[Start of section]

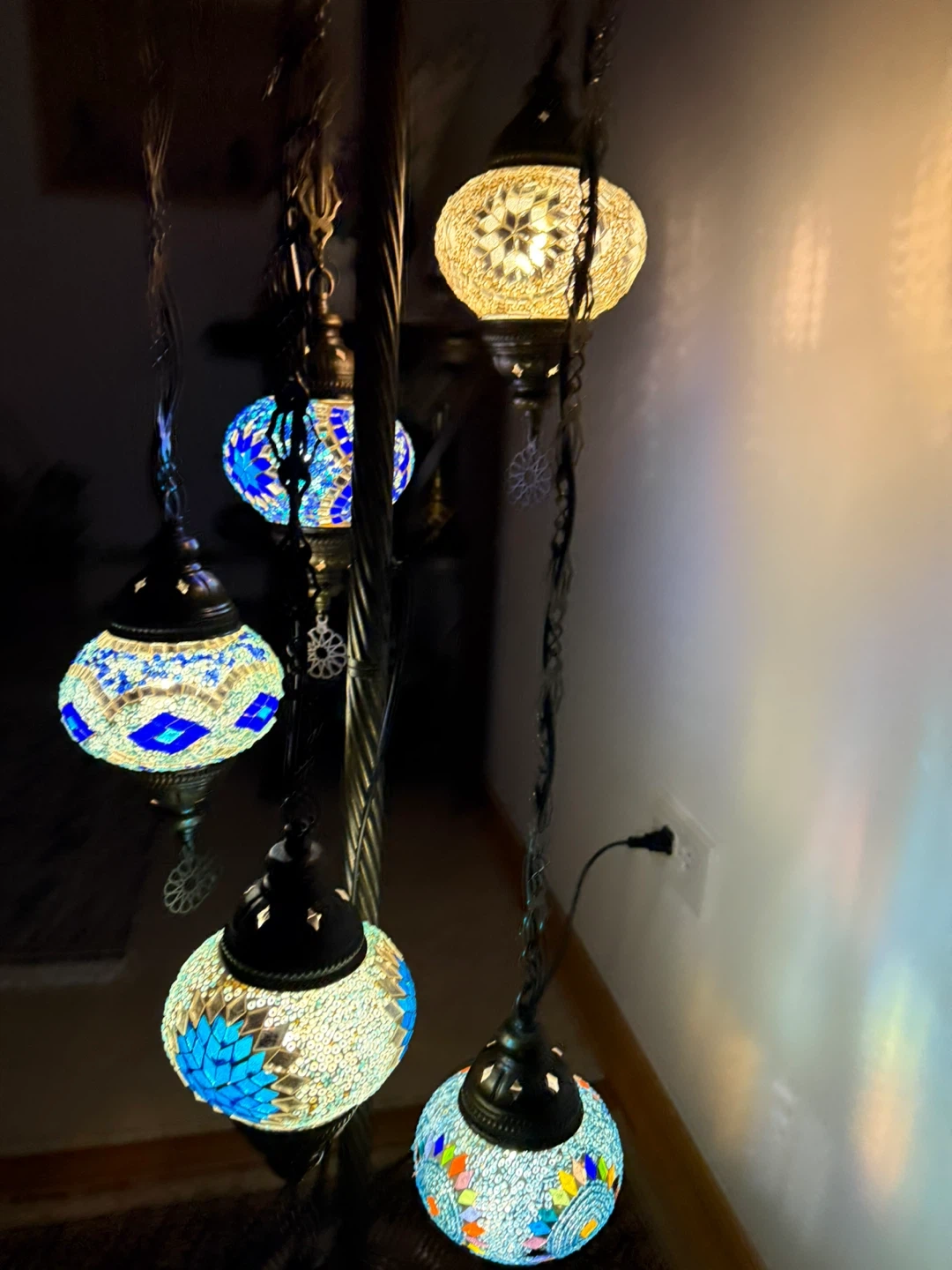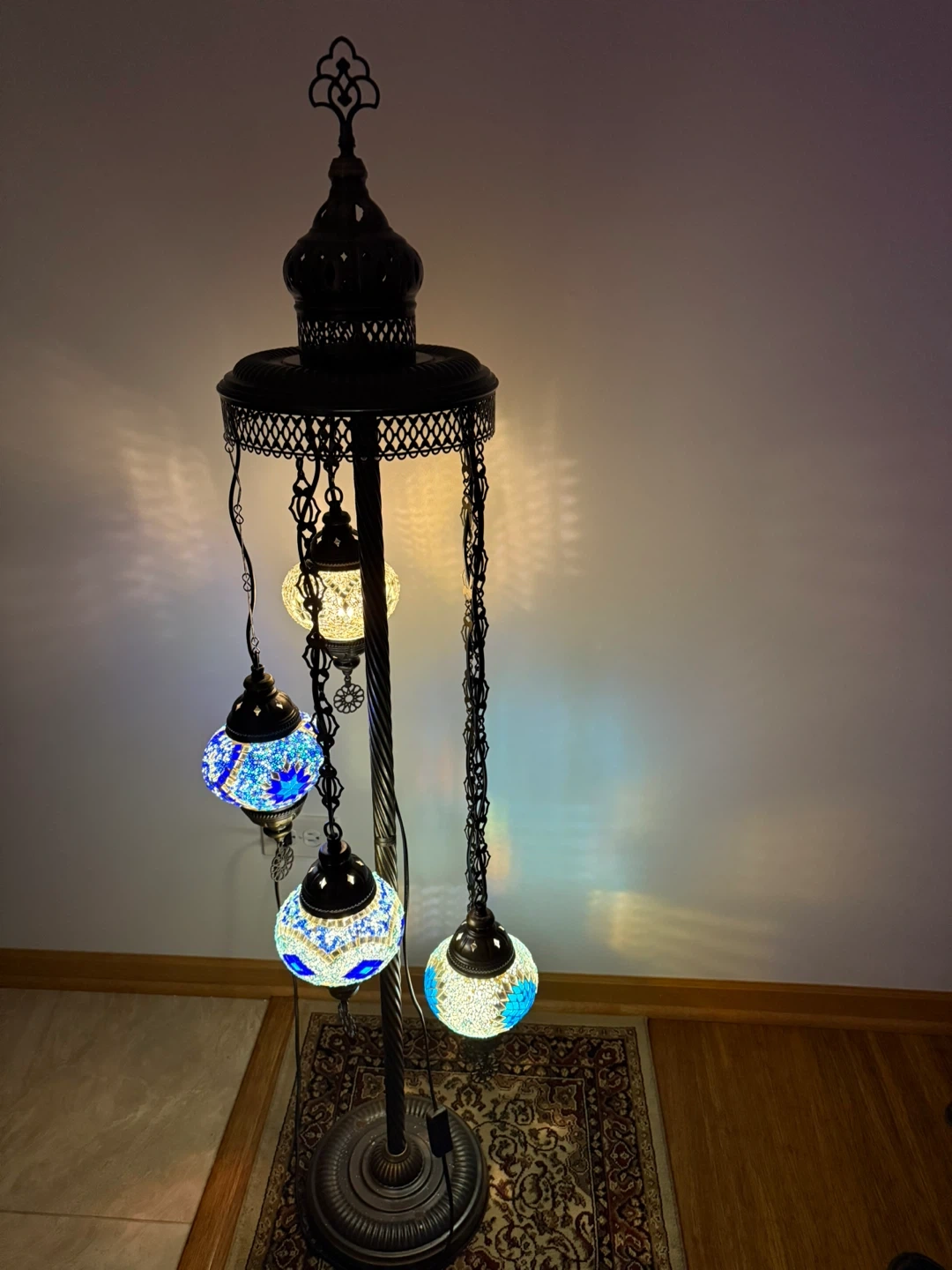 Beautiful mosaic Turkish floor lamp with multiple colorful glass globes. It will add a unique and warm touch to any room in your home. The intricate designs and vibrant colors are truly eye-catching!
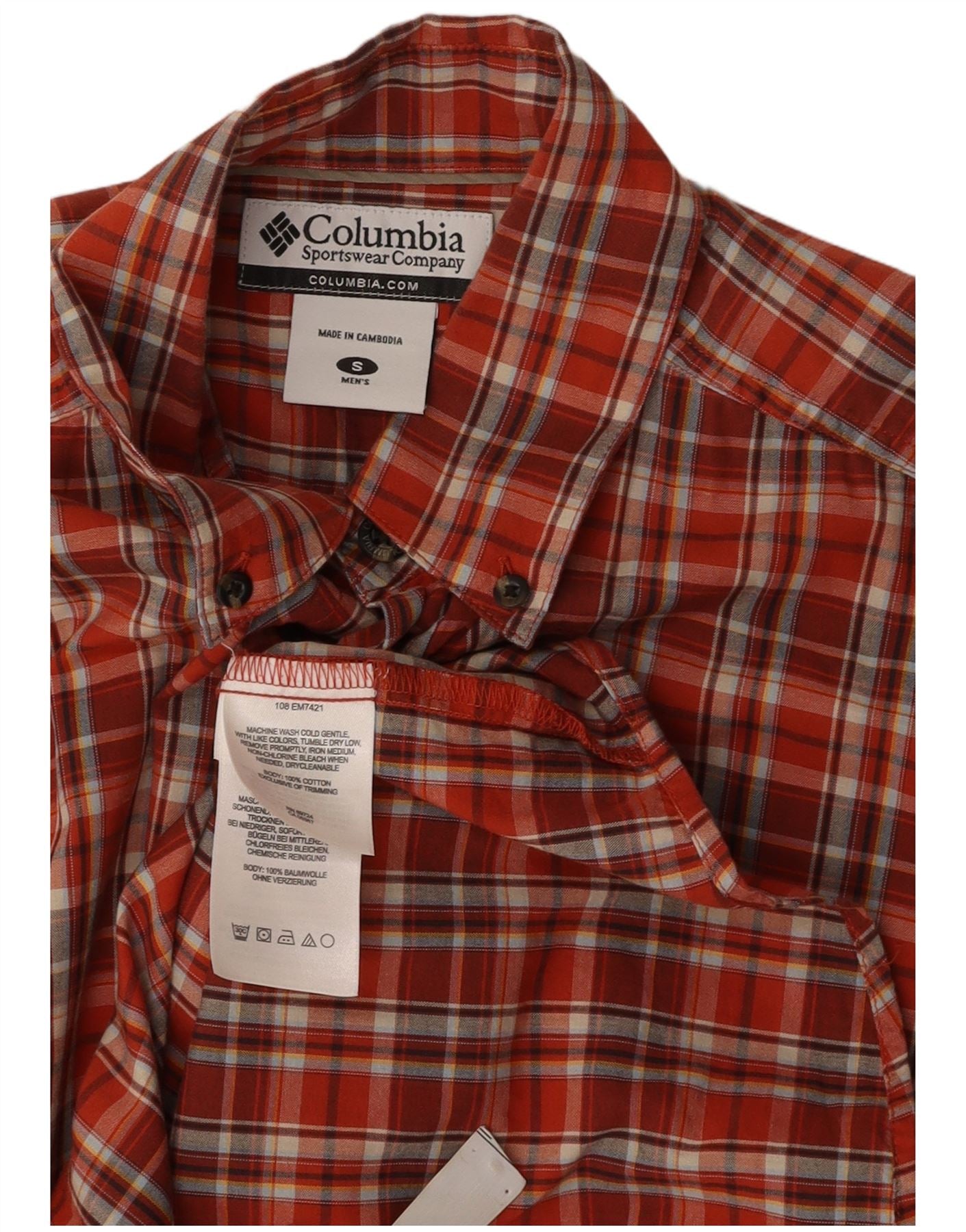 COLUMBIA Mens Short Sleeve Shirt Small Red Check Cotton
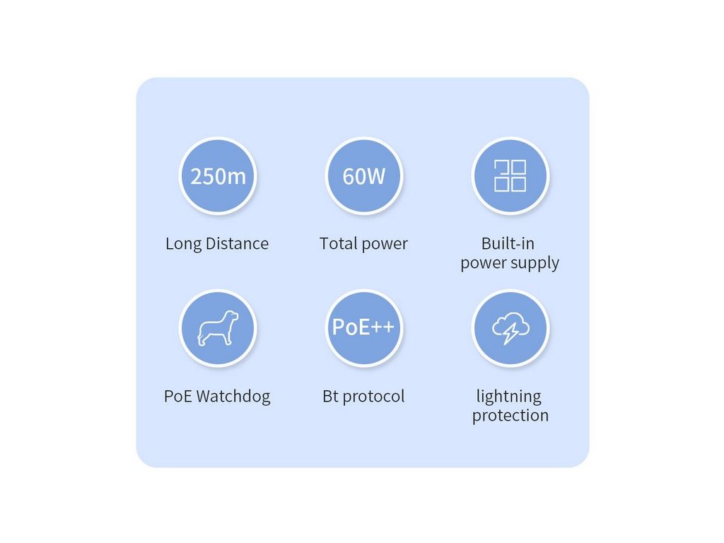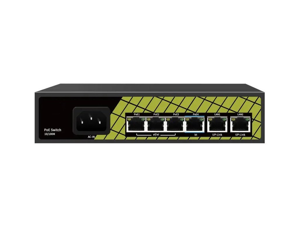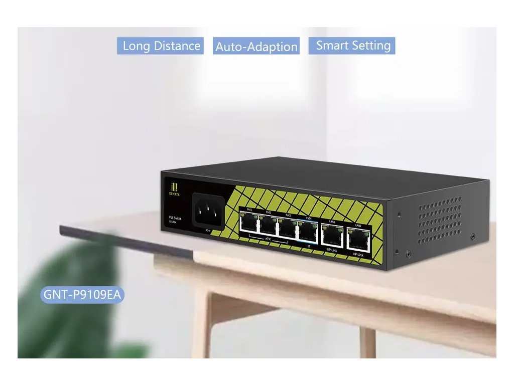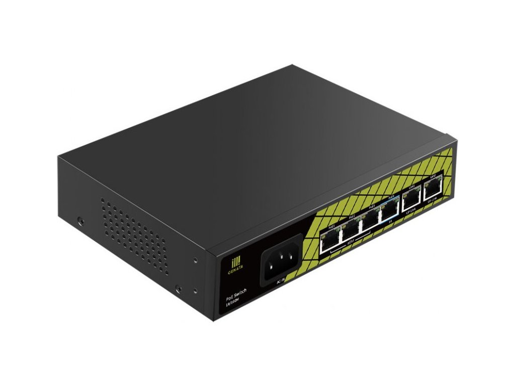 Switch není vybavený ventilátorem, proto má tichý chod. LAN porty vám navíc zajistí přenosovou rychlost 10/100 Mbps. 4 ethernetové porty podporují funkci PoE s celkovým budgetem 60 W (30 W na port, u 4. portu sahá hodnota k 60 W). Napájení probíhá přes AC konektor díky vestavěnému zdroji.
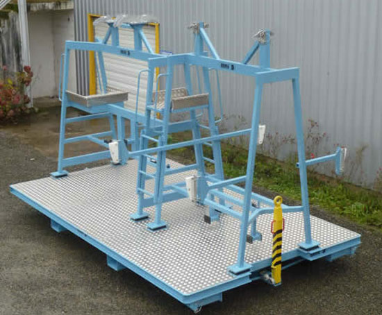 Nous vous proposons notre chariotnacelle pour pièces d’avions qui est un moyen idéal pour la manutention de capots de moteur d’avions.
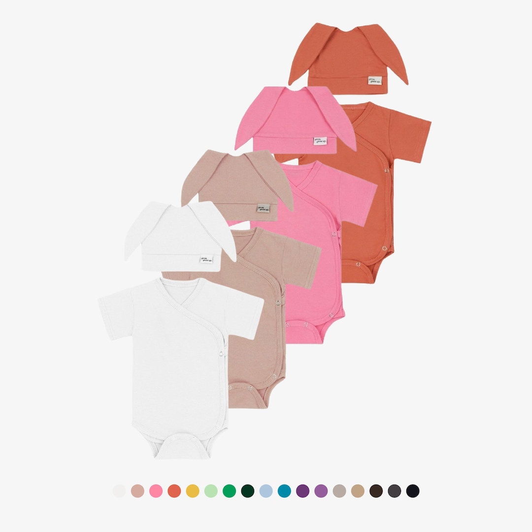 출산선물 임신선물 신생아옷 (반팔) 배냇슈트&신생아모자 17color
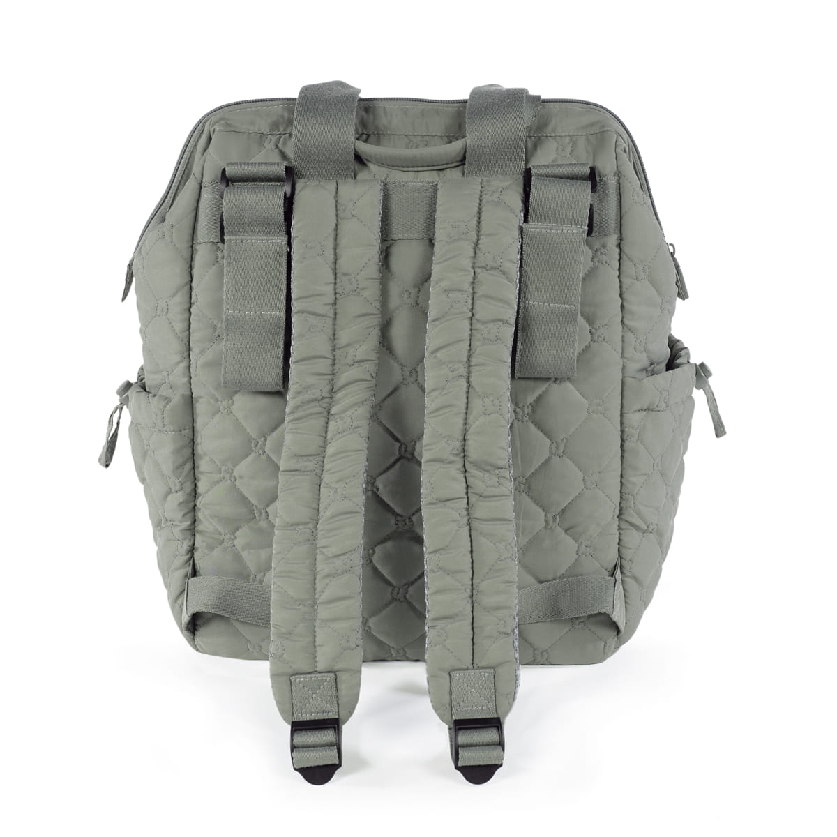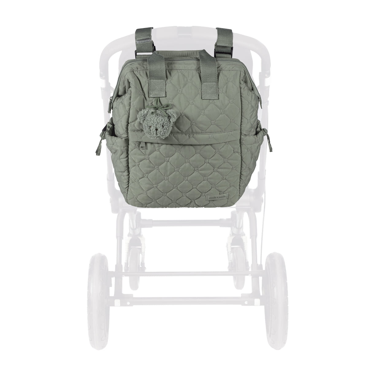 Lo zaino è progettato per la massima comodità, con due grandi spallacci regolabili per indossarlo comodamente sulla schiena, manici per il trasporto a mano e due piccole cinghie per un facile aggancio al passeggino. È incluso anche un materassino per il cambio, per gestire ogni situazione con praticità.
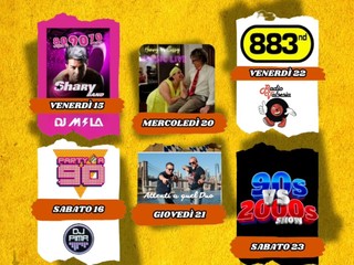 Il calendario della musica dal vivo prevede diversi appuntamenti. Dopo l’apertura di venerdì 15 maggio, sabato 16 maggio sarà la volta di Party 90 con DJ Pima.
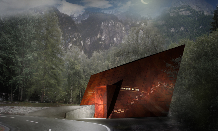 Die geplante Talstation ist ein Monolith, dessen Form und Geometrie ausschliesslich aus der Funktion der Seilbahn entstand. Durch die schlichte, auf das Wesentliche reduzierte, abstrakte Form bekommt das Gebäude eine ikonenhafte Ausstrahlung und wird somit zu einem Wiedererkennungsmerkmal. Es wird als öffentliches Gebäude wahrgenommen.
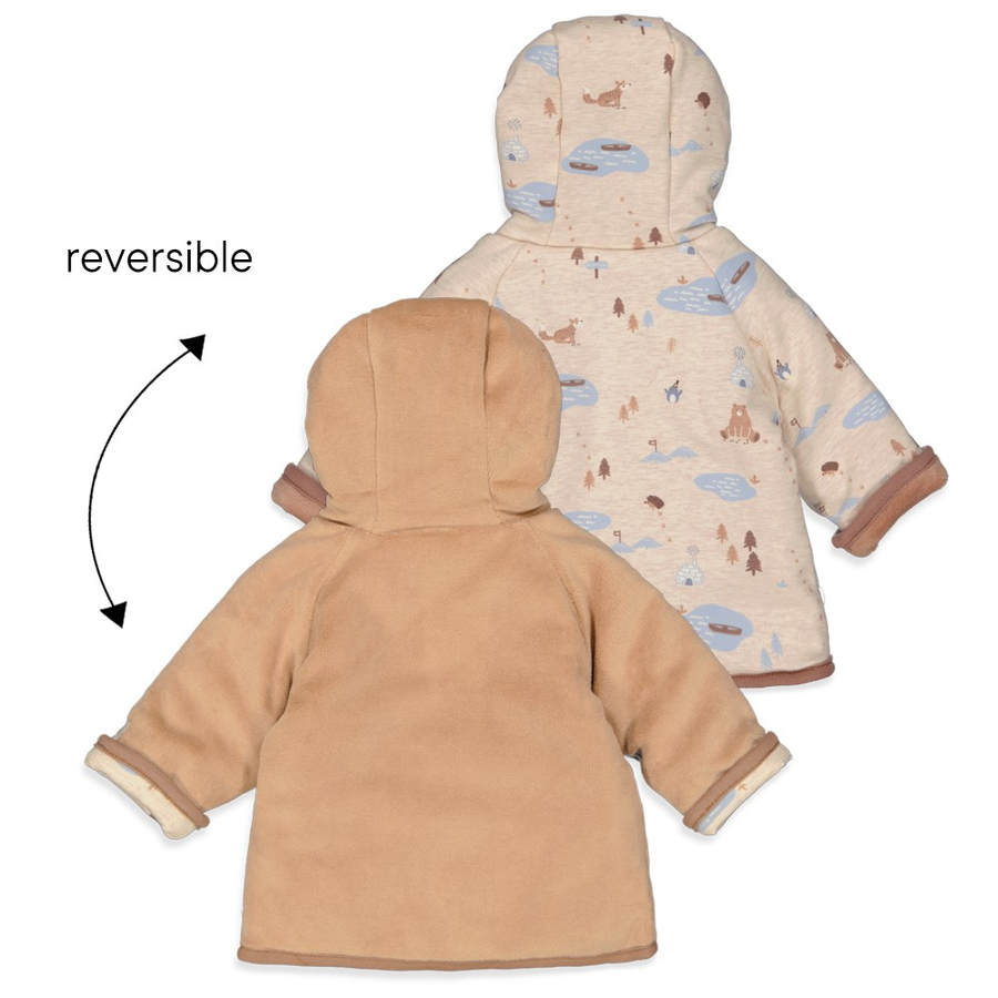 Dettagli del prodotto: Giacca reversibile con cappuccio 1° lato: tinta unita, con tasca decorativa, materiale esterno: spugna 2° lato: Allover print, materiale della tomaia: jersey Abbottonatura con bottoni a pressione Bordi morbidi Materiale e cura: Materiale: 80% cotone biologico, 20% poliestere Lavabile fino a 40°C Non asciugare in asciugatrice Non stirare a caldo
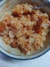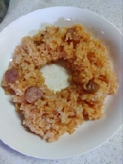 チンした玉ねぎウインナーの器に、温かいごはん、ケチャップを入れてよく混ぜあわす。

[End of section]

> _About this task_
Will you restate every entry word for word and omit the images?

> _Task answer_
 Beautiful mosaic Turkish floor lamp with multiple colorful glass globes. It will add a unique and warm touch to any room in your home. The intricate designs and vibrant colors are truly eye-catching!
 COLUMBIA Mens Short Sleeve Shirt Small Red Check Cotton
 Switch není vybavený ventilátorem, proto má tichý chod. LAN porty vám navíc zajistí přenosovou rychlost 10/100 Mbps. 4 ethernetové porty podporují funkci PoE s celkovým budgetem 60 W (30 W na port, u 4. portu sahá hodnota k 60 W). Napájení probíhá přes AC konektor díky vestavěnému zdroji.
 Nous vous proposons notre chariotnacelle pour pièces d’avions qui est un moyen idéal pour la manutention de capots de moteur d’avions.
 출산선물 임신선물 신생아옷 (반팔) 배냇슈트&신생아모자 17color
 Lo zaino è progettato per la massima comodità, con due grandi spallacci regolabili per indossarlo comodamente sulla schiena, manici per il trasporto a mano e due piccole cinghie per un facile aggancio al passeggino. È incluso anche un materassino per il cambio, per gestire ogni situazione con praticità.
 Il calendario della musica dal vivo prevede diversi appuntamenti. Dopo l’apertura di venerdì 15 maggio, sabato 16 maggio sarà la volta di Party 90 con DJ Pima.
 Die geplante Talstation ist ein Monolith, dessen Form und Geometrie ausschliesslich aus der Funktion der Seilbahn entstand. Durch die schlichte, auf das Wesentliche reduzierte, abstrakte Form bekommt das Gebäude eine ikonenhafte Ausstrahlung und wird somit zu einem Wiedererkennungsmerkmal. Es wird als öffentliches Gebäude wahrgenommen.
 Dettagli del prodotto: Giacca reversibile con cappuccio 1° lato: tinta unita, con tasca decorativa, materiale esterno: spugna 2° lato: Allover print, materiale della tomaia: jersey Abbottonatura con bottoni a pressione Bordi morbidi Materiale e cura: Materiale: 80% cotone biologico, 20% poliestere Lavabile fino a 40°C Non asciugare in asciugatrice Non stirare a caldo
 チンした玉ねぎウインナーの器に、温かいごはん、ケチャップを入れてよく混ぜあわす。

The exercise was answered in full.